Evelyn Hitchman Divelbiss

Honored by:Mary E. Richards, Ann Richards, Sarah Richards and Robin Richards
Brick location:B:2  map

Evelyn Hitchman Divelbiss

1906-2004

 

Hermia Evelyn Hitchman Divelbiss was born September 8, 1906, in the hamlet of Butler, Ohio, the second of the four daughters of Jessie Lewis Hitchman and Albert Hitchman, Sr. As often happens with second children, she developed an adventurous personality. In fact, she was a bit of a tomboy. She was the sister who built a wagon from a wooden crate and baby carriage wheels, who ran track in high school and played softball in college, who still remembers with delight a one-mile sled ride with a high school friend made at such high speed that her eyes shed tears, and whose face peers out solemnly from behind her drum set in photos of the high school band. At age five she went to the grade school when classes were dismissed to escort her older sister home and beat up the first grade boys who had been bullying her. And Evelyn was the girl who one April first told her straight-laced bachelor neighbor that he was wanted on the phone at the house down the block that boasted one of the few phones in town. She yelled “April Fool” as he was about to knock on the door, and then ran like the wind with him in hot pursuit.

Evelyn was always a very small person—her height never exceeded 4’ 10”—which earned her the nickname “Dot,” but her energy and enthusiasm were never small. She inherited a love of the theatrical from her mother, and the boy who grew up to be her husband remembered her as the star of the high school play “The Little Clodhopper” in which he had a bit part. That stage triumph took place only a few days before Evelyn and her sisters lost their mother to pneumonia. Their father remarried within a year, and Evelyn and her older sister went to live with their maternal grandmother. Those three women—Evelyn, her mother Jessie Lewis Hitchman, and her grandmother Elosia Minerva Ross Lewis—were powerful role models for the three generations of women who have thus far followed them.

Evelyn maintained a life-long love of nature and the environment. She enjoyed bird watching and the active encouragement of nesting songbirds—and, coincidentally, the discouragement of critters harmful to them. She had no qualms about nailing a nest-robbing squirrel with a twenty-two rifle, or removing a cowbird egg from a songbird nest with a long-handled plastic iced tea spoon. She never hesitated to hive a swarm of bees, though being stung made her swell up remarkably. She was interested in reptiles and amphibians (especially toads) and spiders, and sometimes kept a praying mantis on our screened porch, feeding it crickets for dinner and drinks of water from a teaspoon. Her example fostered a love of nature and biology in her children as well.

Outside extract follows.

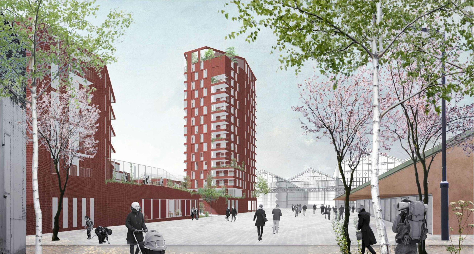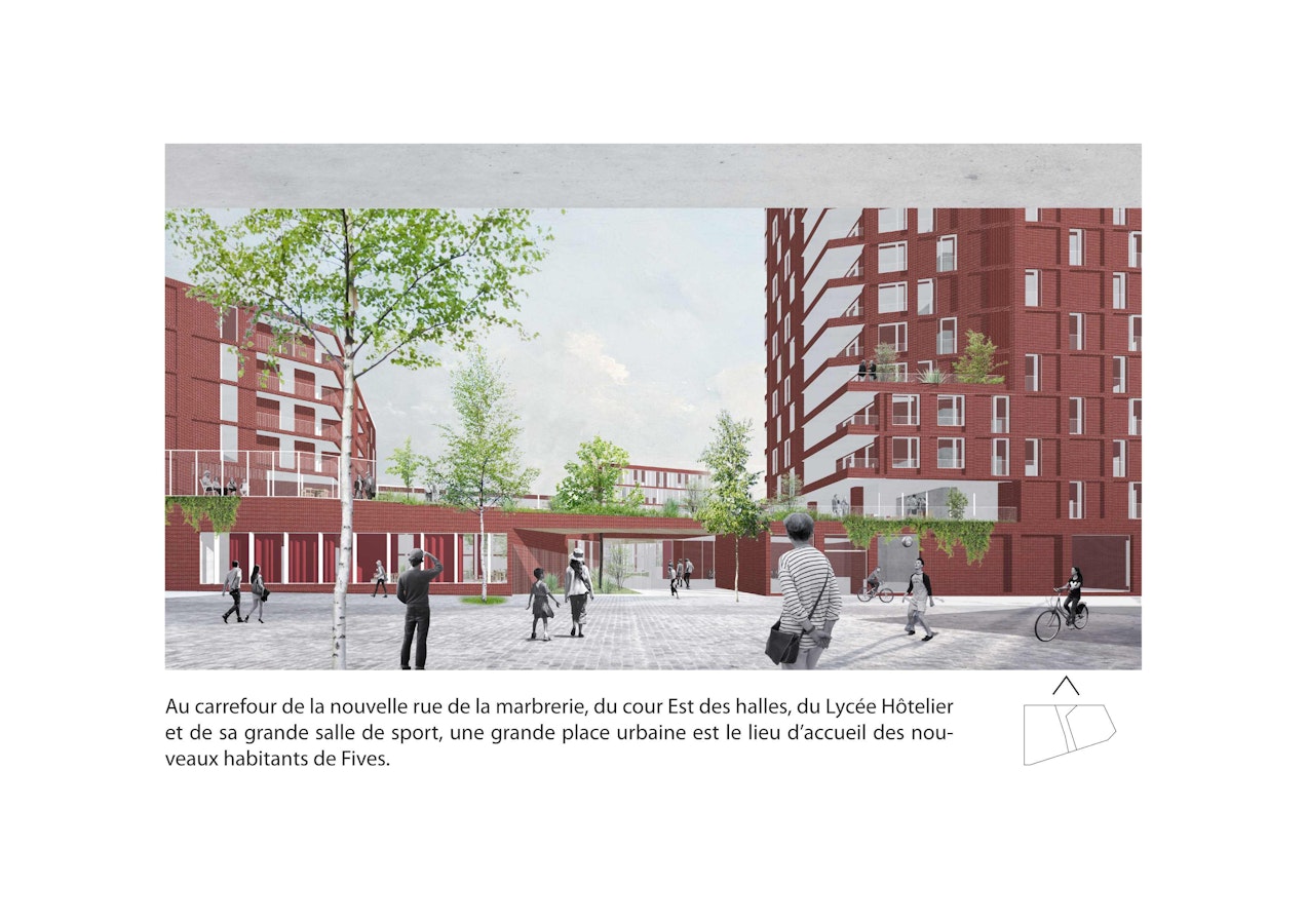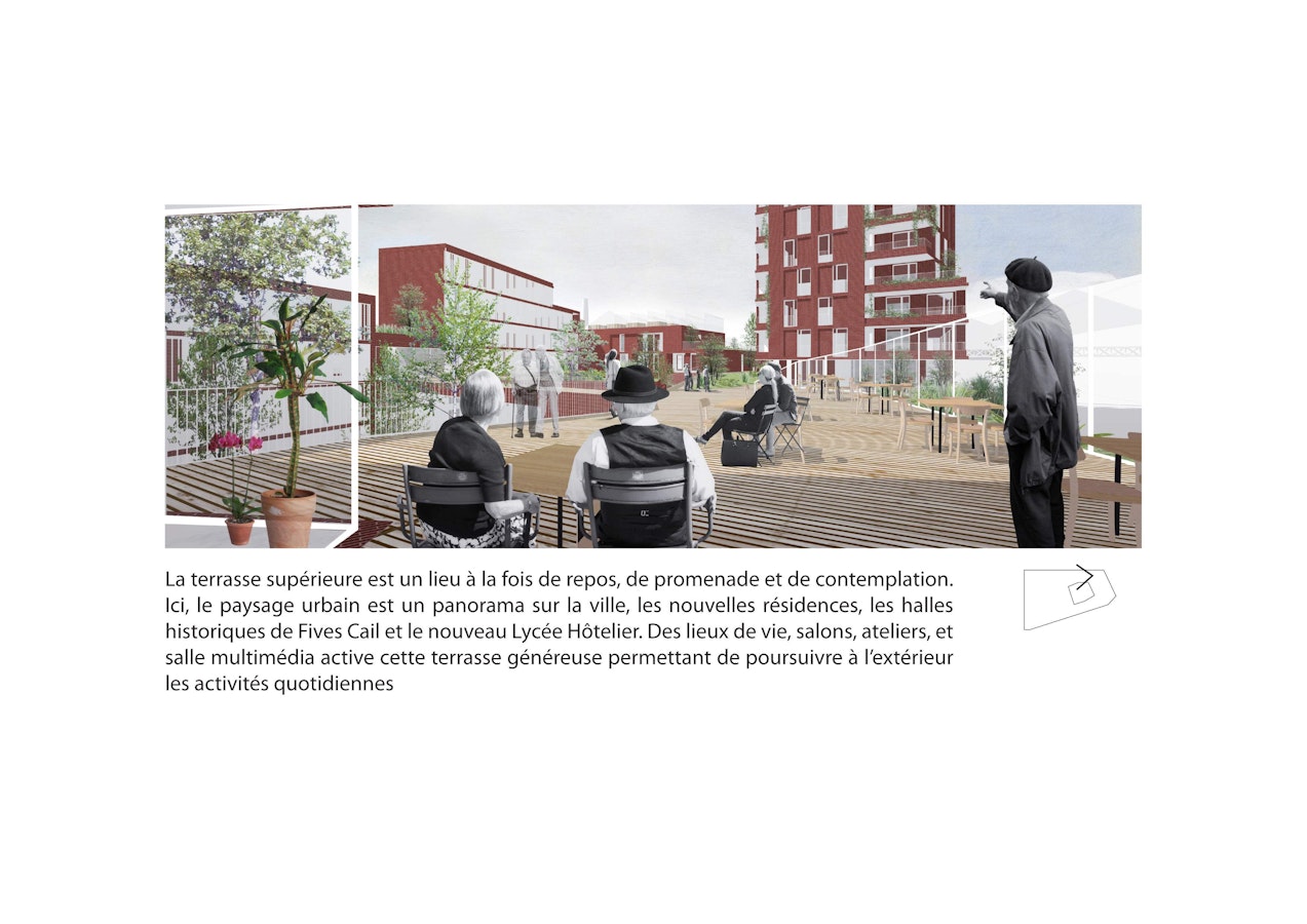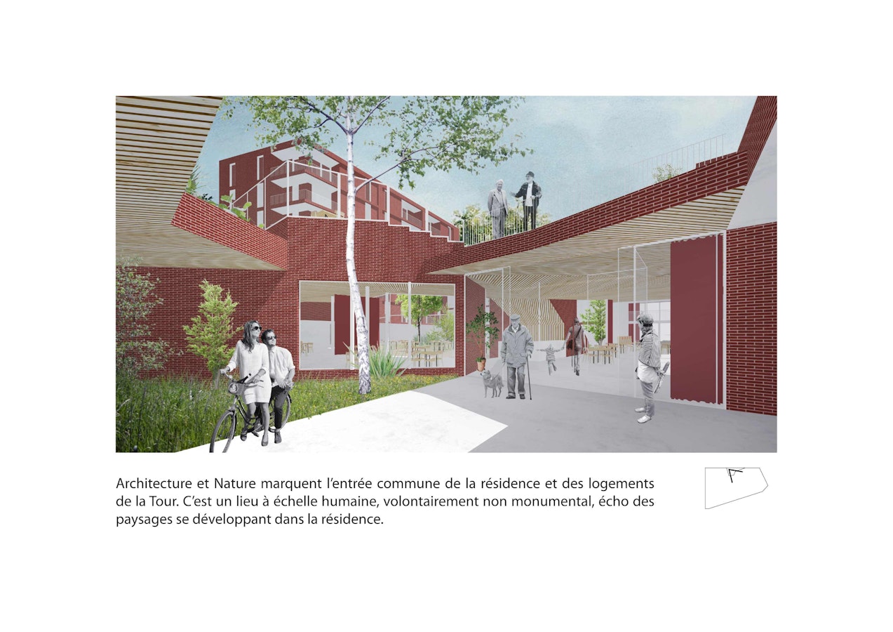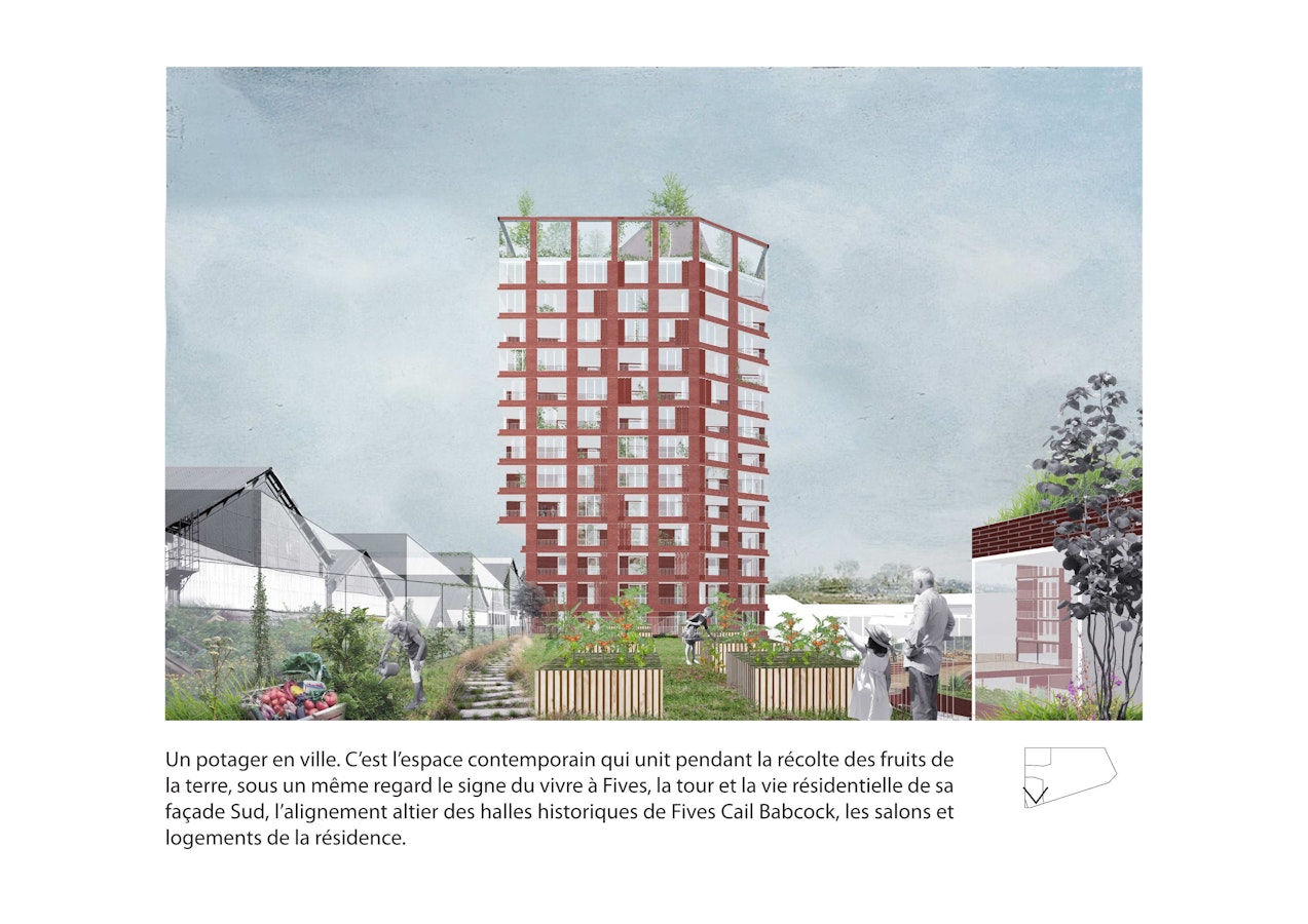 Ici, nous concevons une résidence Seniors « négociatrice et écosystémique », accueillante, protectrice, à la fois intime et ouverte à l’image d’un « béguinage contemporain ». Nous affirmons le signe fort du renouveau de Fives-Cail-Babcock incarné par la Tour « marqueur », présente mais non surdéterminante.

Evelyn was the first of her family, and the only one of her generation, to continue her education after high school. She accomplished that as so many others did: by attending Normal School for a year and then plunging right into teaching. She first taught in a one-room school a couple of miles from Butler, to which she walked every day early enough to start the fire on cold days. The next year she got a job in the town of Shelby, one county away from her home, which seemed a long way to her.

The Normal School days cultivated the relationship between her and Charles Divelbiss, who had gone to Normal School the year before and was driving from Butler the fifteen miles to Mansfield to teach each day. At her grandmother’s suggestion, Evelyn began making the drive with him. The rest is family history, to borrow a phrase. Their courtship continued until they were both twenty-four, when they married in the first full year of the Great Depression. The decision to marry ended Evelyn’s classroom career except for occasional substitute teaching, since married women were not considered suitable teachers, but it also launched her on a career of community service and leadership in her church. She also devoted much time to extended family and child-rearing activities. Her daughter and two sons all grew up to graduate from college and go on to earn graduate degrees. She fostered in the three of them a curiosity about and a love of the physical world, an empathetic concern for others, and regard for the lessons of history and for intellectual endeavors in general. She taught by example the difficult parenting skills required to give support while encouraging independence. She never pried into her children’s possessions or lives, and throughout her whole life remained open to new ideas and cultural change while maintaining a solid moral compass-point.

Evelyn and her husband lived a relationship admirable for its equality, mutual respect and love for each other. They opened their hearts and home to many people besides their own family, and folks as far away as Montana and Korea called them "Mom and Dad." Their joint beekeeping hobby took them around the world, and gained them friends in many countries. Despite being a world traveler though, Evelyn remained, to quote one of her granddaughters, a straight-from-central-casting grandma, with a never-empty cookie jar and always open arms. Her full and meaningful life remains an inspiration to her family and all who knew her.